Freeze drying production process
Due to the complicated lyophilization process of biological products and pharmaceuticals, in order to ensure the quality and energy saving of lyophilized products, it is necessary to strictly control the pre-freezing temperature and sublimation heat absorption during the production process, so that each stage of the lyophilization process follows the pre-established process jobs.
Maintain pre-freezing temperature
In the vacuum freeze-drying process, it is necessary to pre-freeze the dried medicines, and then in a vacuum state, the moisture is directly changed from ice to gas to dry the medicines. During the entire sublimation stage, the medicine must be kept in a frozen state, otherwise a product with good properties cannot be obtained.
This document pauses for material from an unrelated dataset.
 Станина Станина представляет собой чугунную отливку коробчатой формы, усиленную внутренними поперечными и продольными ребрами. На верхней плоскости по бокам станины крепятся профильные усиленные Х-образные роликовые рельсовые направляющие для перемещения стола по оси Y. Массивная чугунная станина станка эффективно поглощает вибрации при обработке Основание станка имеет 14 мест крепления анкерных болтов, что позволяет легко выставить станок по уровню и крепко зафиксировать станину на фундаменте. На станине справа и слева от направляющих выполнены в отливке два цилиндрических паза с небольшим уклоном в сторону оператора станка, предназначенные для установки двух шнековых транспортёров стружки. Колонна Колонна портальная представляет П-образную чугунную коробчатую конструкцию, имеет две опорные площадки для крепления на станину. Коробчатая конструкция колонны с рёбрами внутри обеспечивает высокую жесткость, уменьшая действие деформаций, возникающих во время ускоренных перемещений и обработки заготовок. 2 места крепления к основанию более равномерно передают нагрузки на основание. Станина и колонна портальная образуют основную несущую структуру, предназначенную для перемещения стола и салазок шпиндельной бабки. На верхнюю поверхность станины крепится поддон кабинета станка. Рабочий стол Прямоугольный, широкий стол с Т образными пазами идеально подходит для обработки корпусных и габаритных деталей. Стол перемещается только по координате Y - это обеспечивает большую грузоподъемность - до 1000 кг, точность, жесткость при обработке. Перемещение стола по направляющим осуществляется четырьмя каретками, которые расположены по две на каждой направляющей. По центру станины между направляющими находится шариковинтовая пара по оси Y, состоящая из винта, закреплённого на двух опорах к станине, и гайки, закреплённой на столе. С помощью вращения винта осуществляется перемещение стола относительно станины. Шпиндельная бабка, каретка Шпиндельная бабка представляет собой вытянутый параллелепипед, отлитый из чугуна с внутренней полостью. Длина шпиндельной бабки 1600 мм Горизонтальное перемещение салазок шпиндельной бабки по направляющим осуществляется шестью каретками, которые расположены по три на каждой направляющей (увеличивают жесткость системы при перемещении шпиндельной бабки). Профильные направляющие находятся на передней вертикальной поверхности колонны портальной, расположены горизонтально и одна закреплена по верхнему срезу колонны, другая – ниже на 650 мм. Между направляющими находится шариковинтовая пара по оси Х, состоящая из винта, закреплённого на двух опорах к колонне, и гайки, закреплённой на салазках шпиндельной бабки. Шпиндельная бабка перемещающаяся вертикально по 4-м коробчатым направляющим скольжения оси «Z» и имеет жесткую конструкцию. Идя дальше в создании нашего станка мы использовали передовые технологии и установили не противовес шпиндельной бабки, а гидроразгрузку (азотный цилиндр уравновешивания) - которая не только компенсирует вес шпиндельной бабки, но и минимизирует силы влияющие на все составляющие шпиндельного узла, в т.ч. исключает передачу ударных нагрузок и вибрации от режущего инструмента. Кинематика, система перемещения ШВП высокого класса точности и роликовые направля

In the stage of drug pre-freezing, the pre-freezing temperature should be strictly controlled (usually a few degrees lower than the eutectic point of the drug). If the pre-freezing temperature is not low enough, the medicine may not be completely frozen, and it will expand and foam during vacuum sublimation; if the pre-freezing temperature is too low, not only will it increase unnecessary energy consumption, but for some biological drugs, it will reduce its Survival rate after lyophilization.
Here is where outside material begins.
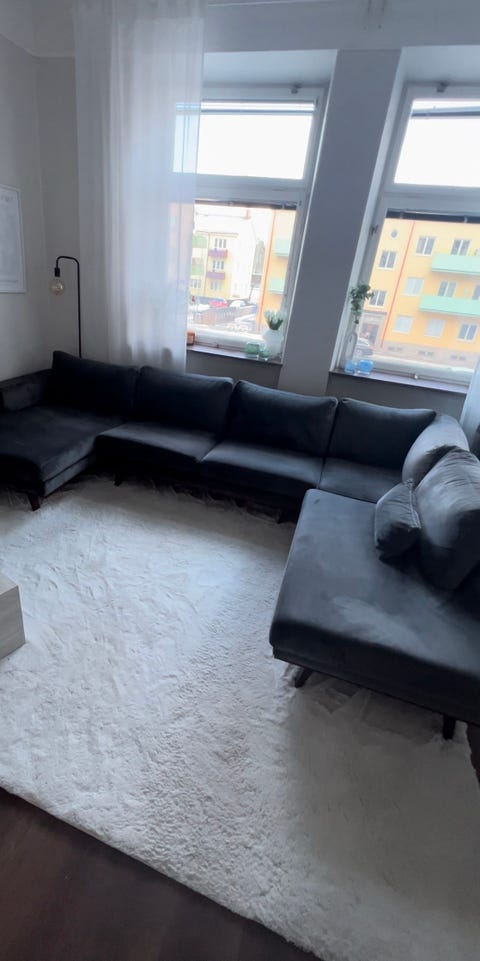 Hörnsoffa i sammet.

Focus on sublimation endothermic
Dry sublimation stage, the material needs to absorb heat (per gram of ice fully sublimed into water vapor to absorb about 2.8 kilojoules of heat). If the medicine is not heated or the heat is insufficient, the moisture of the medicine itself will be absorbed when the water sublimates and the temperature of the medicine will be reduced, resulting in a reduction in the vapor pressure of the medicine, which will cause a reduction in the rate of sublimation and the entire drying time will be extended. Productivity decreases; if the drug is heated too much, the sublimation rate of the drug will increase, but after offsetting the heat absorbed by the sublimation of the drug, the excess heat will cause the temperature of the frozen drug to rise, causing the drug to partially or even melt. , Causing the shrinkage and foaming of the medicine, the entire drying will fail.
Automatic control
In order to obtain good lyophilized medicines, according to the performance of each lyophilizer and the characteristics of the drugs, a lyophilization curve should be drawn up on the basis of tests, and then the machine should be controlled to make each stage of the lyophilization process The temperature change is in accordance with the freeze-drying curve established in advance. Vacuum freeze-drying production process control can use the computer to control the production system to work according to the preset freeze-drying curve. For example, the computer's control of the freeze-drying process of streptomycin sulfate can be divided into two stages: the first stage, at a temperature below the melting point, the water is sublimated from the frozen material, about 98% ~ 99% of the water Both were removed at this time. In the second stage, the temperature of the material is gradually increased to or slightly higher than room temperature, and the moisture can be reduced to less than 0.5% through this stage. The pre-freezing temperature in this process is about -40 ℃, and the time is about two hours. During the sublimation stage of freeze-dried drugs, the material temperature is about -30 ℃ ~ -35 ℃, and the absolute pressure is about 4 ~ 7 Pa. The final drying temperature of streptomycin can be raised to 40 ℃, the total drying time is about 18 hours. The use of computer automated control system helps to ensure that the drugs meet the quality requirements.